Material provided:
★ ★ ★

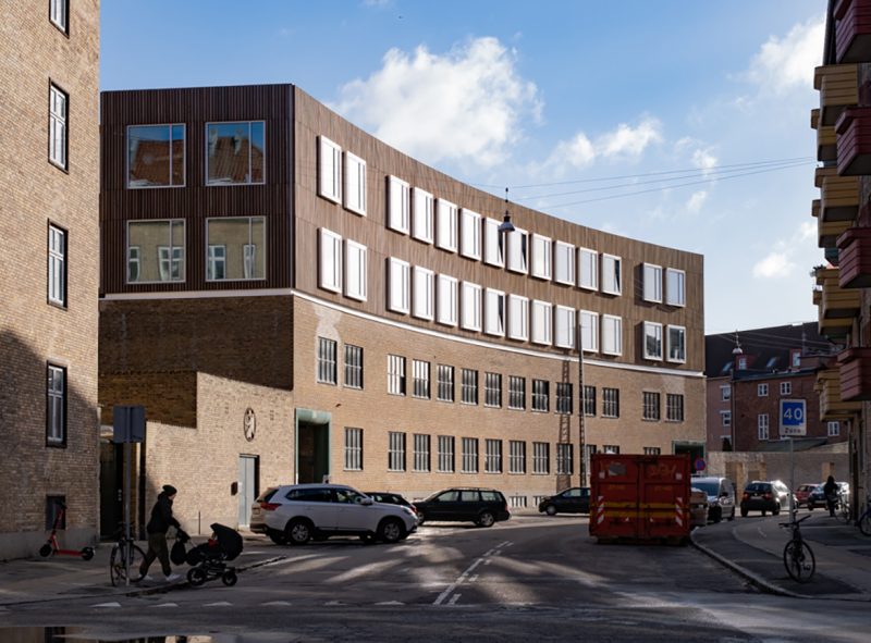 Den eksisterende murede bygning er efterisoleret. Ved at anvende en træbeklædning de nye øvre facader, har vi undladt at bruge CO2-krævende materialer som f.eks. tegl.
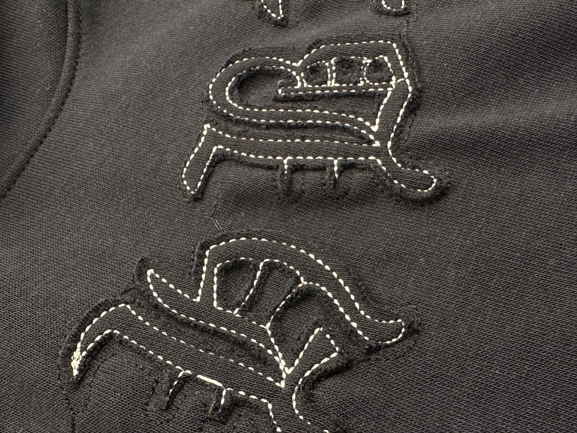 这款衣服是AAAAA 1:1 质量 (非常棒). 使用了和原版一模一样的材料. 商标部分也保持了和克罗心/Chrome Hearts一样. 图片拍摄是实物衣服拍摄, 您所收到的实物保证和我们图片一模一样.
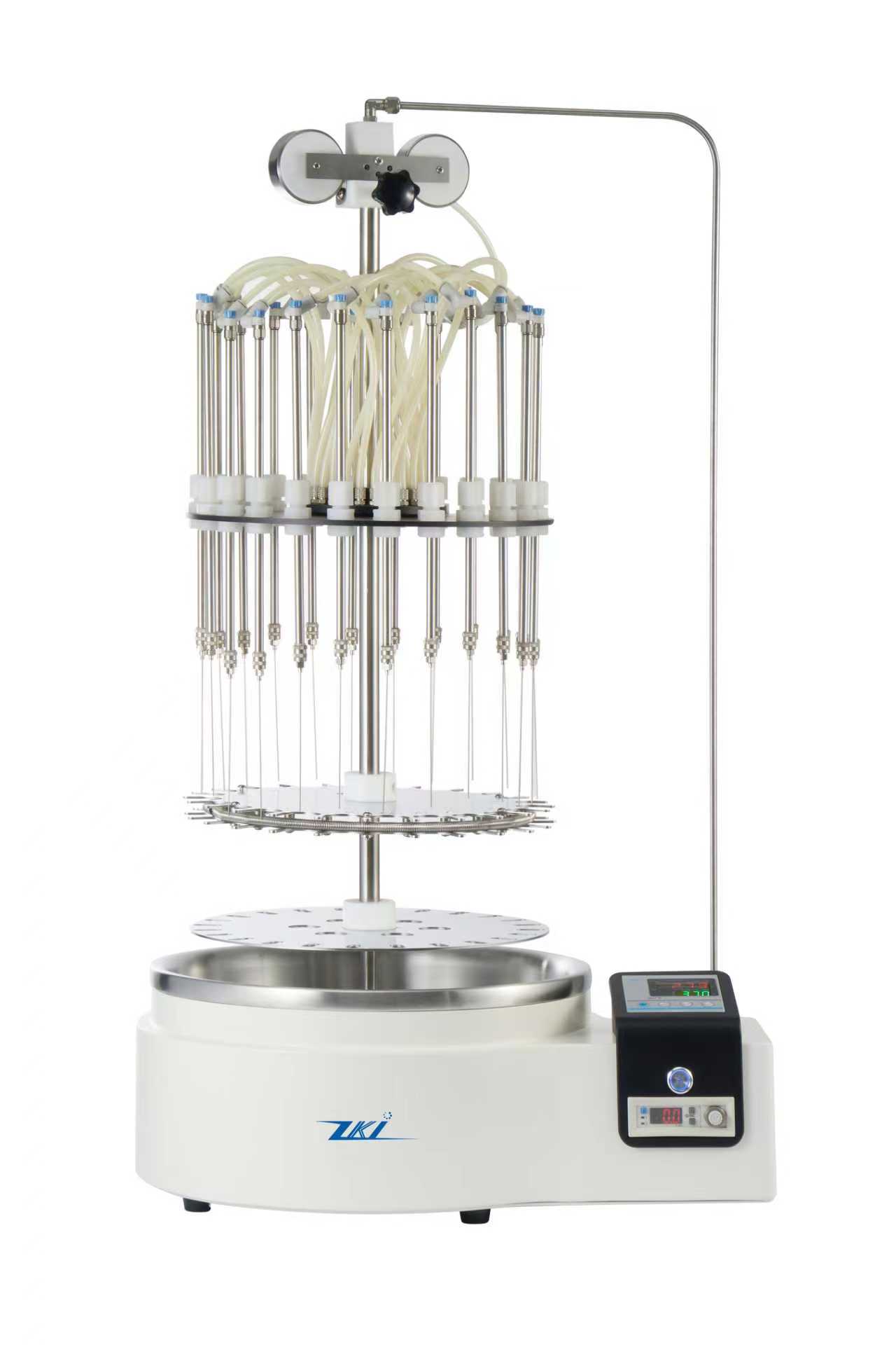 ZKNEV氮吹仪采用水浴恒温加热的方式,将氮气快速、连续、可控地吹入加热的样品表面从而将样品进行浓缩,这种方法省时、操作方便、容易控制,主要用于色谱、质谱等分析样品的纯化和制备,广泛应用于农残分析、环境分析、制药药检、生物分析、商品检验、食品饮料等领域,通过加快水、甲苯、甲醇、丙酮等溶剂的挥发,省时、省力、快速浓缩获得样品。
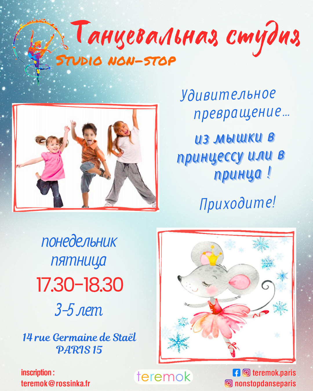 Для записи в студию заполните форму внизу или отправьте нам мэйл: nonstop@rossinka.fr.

★ ★ ★

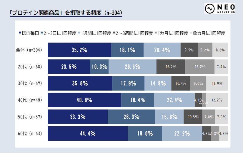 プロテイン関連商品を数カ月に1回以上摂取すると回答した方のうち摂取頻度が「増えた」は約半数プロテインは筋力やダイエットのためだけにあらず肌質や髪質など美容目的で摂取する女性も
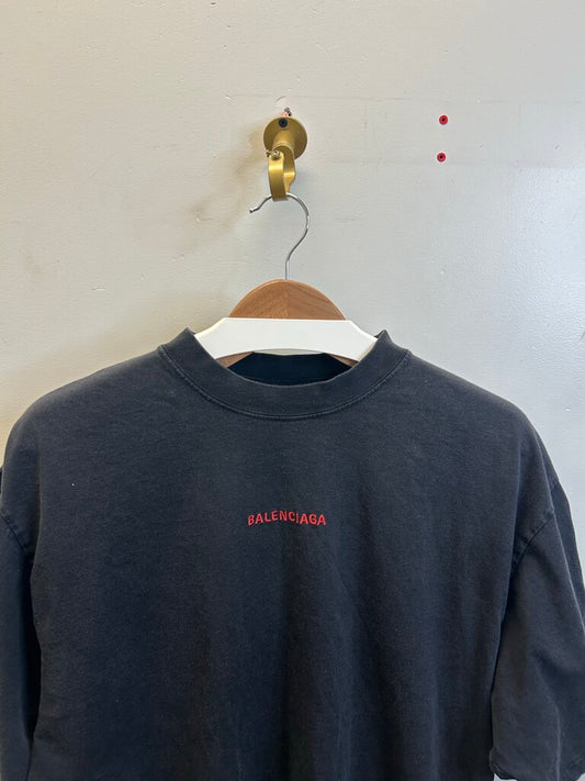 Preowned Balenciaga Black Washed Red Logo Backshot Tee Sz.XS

★ ★ ★

Work required:
Given the records above, return the lines starting at the one that holds "Den eksisterende murede" and ending at the one that holds "Для записи в", exactly, and nothing besides; leave every picture out.

Final answer:
 Den eksisterende murede bygning er efterisoleret. Ved at anvende en træbeklædning de nye øvre facader, har vi undladt at bruge CO2-krævende materialer som f.eks. tegl.
 这款衣服是AAAAA 1:1 质量 (非常棒). 使用了和原版一模一样的材料. 商标部分也保持了和克罗心/Chrome Hearts一样. 图片拍摄是实物衣服拍摄, 您所收到的实物保证和我们图片一模一样.
 ZKNEV氮吹仪采用水浴恒温加热的方式,将氮气快速、连续、可控地吹入加热的样品表面从而将样品进行浓缩,这种方法省时、操作方便、容易控制,主要用于色谱、质谱等分析样品的纯化和制备,广泛应用于农残分析、环境分析、制药药检、生物分析、商品检验、食品饮料等领域,通过加快水、甲苯、甲醇、丙酮等溶剂的挥发,省时、省力、快速浓缩获得样品。
 Для записи в студию заполните форму внизу или отправьте нам мэйл: nonstop@rossinka.fr.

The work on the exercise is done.